The Indian Detective is a Canadian crime comedy-drama series which debuted on CTV and Netflix in 2017. The show stars Russell Peters as Doug D'Mello, a police officer from Toronto who becomes embroiled in a murder investigation while visiting his father (Anupam Kher) in Mumbai during a one-month suspension for incompetence. The fourth episode ended in a cliffhanger, hinting at a possible second season; while Peters has stated at various times that a second season was in the works, none has been officially announced as of September 2019.

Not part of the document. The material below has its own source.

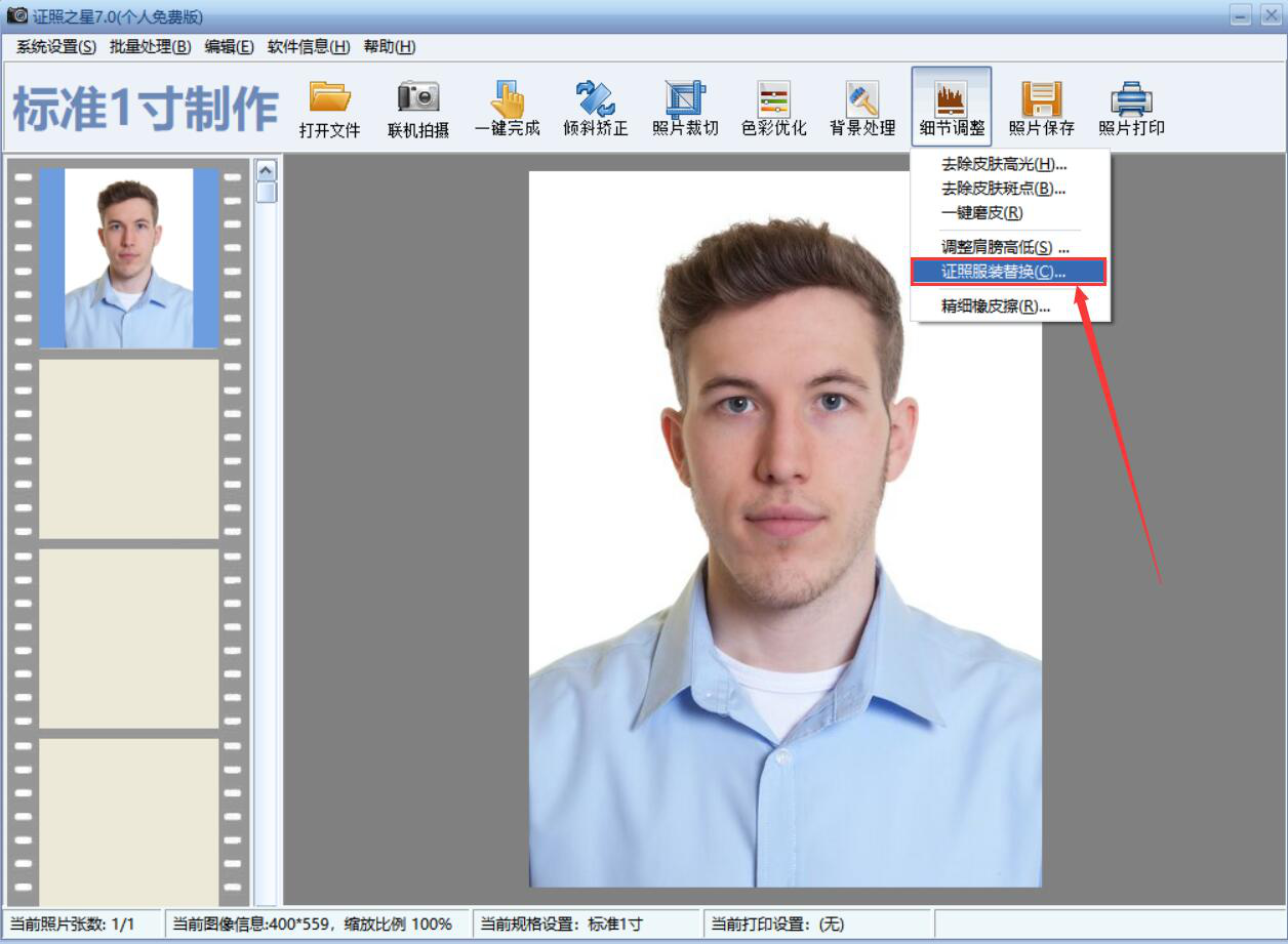 2、然后,点击“细节调整”菜单中的“证照服装替换”,正式进入证照之星换正装的环节。

As of January 2020, Peters entered a partnership with Amazon Prime with the comedic special "Russell Peters: Deported," possibly delaying season 2 of The Indian Detective even further.

Production

The Canadian scenes of The Indian Detective were filmed on location in Toronto, and in surrounding areas in Ontario. The Canadian border crossing scenes were filmed at Canadian Tire Motorsport Park, and some of the Indian scenes were actually filmed in Cape Town, South Africa.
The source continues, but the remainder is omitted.